Elon Musk explains why the new models aren't coming very soon


Tesla is working to bring to market some new models that have been talking about for some time such as the Tesla Semi electric truck and the Tesla Cybertruck electric pickup . However, the launch of these new vehicles has been delayed several times over time. But something seemed to be changing. Speaking of the electric truck, the statements of the CEO of Pepsi who had said that the first battery-powered trucks of the American manufacturer would arrive within its fleet by the end of the year had recently been much discussed.

A very different statement from that of the company talking about the mass production of the Tesla Semi for the 2022. Precisely for this reason, a user asked Elon Musk directly on Twitter for an explanation of the statements of the number one of Pepsi. Musk’s answer is very interesting as the concept can be generalized for all of Tesla’s future plans and not just for the production of the electric truck.

BOTTLE PACKAGES TO EXCEED

The CEO of the American carmaker basically said that he does not give too much weight to those statements. Currently, Tesla is bound in the short term by the supply of the chips and in the long term by the supply of the cells. of the batteries. As long as these constraints do not disappear, it will not be possible to produce additional vehicles in volume .

Please don’t read too much into this. As mentioned publicly, Tesla is constrained by chip supply short-term & cell supply long-term.

Not possible to produce additional vehicles in volume until both constraints are addressed.

– Elon Musk (@elonmusk) November 13, 2021

So, if Tesla can build the truck electric by the end of the year, it will only be a few units. The bottlenecks Elon Musk mentioned are not new in an absolute sense. Over the months, Tesla’s number one has repeatedly mentioned the difficulties associated with the supply of components and procurement of the cells. However, this latest message points out that the new models cannot be produced in large volumes until these problems are resolved.

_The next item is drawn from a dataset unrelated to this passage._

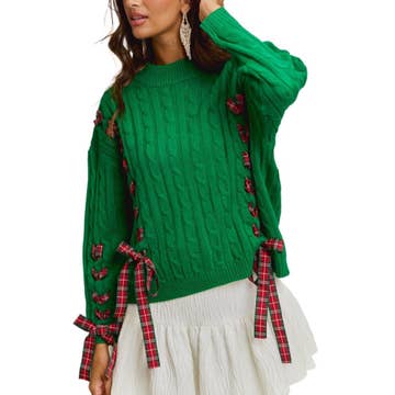 Pull en maille festif avec le mot « Merry » brodé en fil métallique. - Manches longues avec poignets côtelés ornés d’un détail rayé assorti - Broderie métallique scintillante pour une touche brillante et festive - Coupe décontractée et confortable, idéale pour un style casual pendant les fêtes MESURES DU MODÈLE (TAILLE S) : - Longueur totale : 66 cm (26 pouces) - Tour de poitrine : 53,3 cm (21 pouces) - Largeur d’épaule : 55,9 cm (22 pouces) - Longueur des manches : 50,8 cm (20 pouces) Composition : 100 % acrylique Le mannequin mesure 1,78 m (5'10") | Tour de poitrine 86 cm (34") | Taille 61 cm (24") | Hanches 89 cm (35") et porte une taille S.

The criticality of the supply of semiconductors could be alleviated over the next few months. The problem of the supply of the cells, on the other hand, could last a long time and condition the expansion plans of the American brand. Not for nothing, Tesla is entering into new supply agreements with companies that produce batteries as well as having decided to produce the accumulators directly in house. If the cells are not a short-term constraint, then it means there is a sufficient supply of the current ones. Therefore, the problem would probably concern the new ones like 4680.

All that remains is to wait for the evolution of Tesla’s programs to really understand when the manufacturer will be able to put its future new models into production.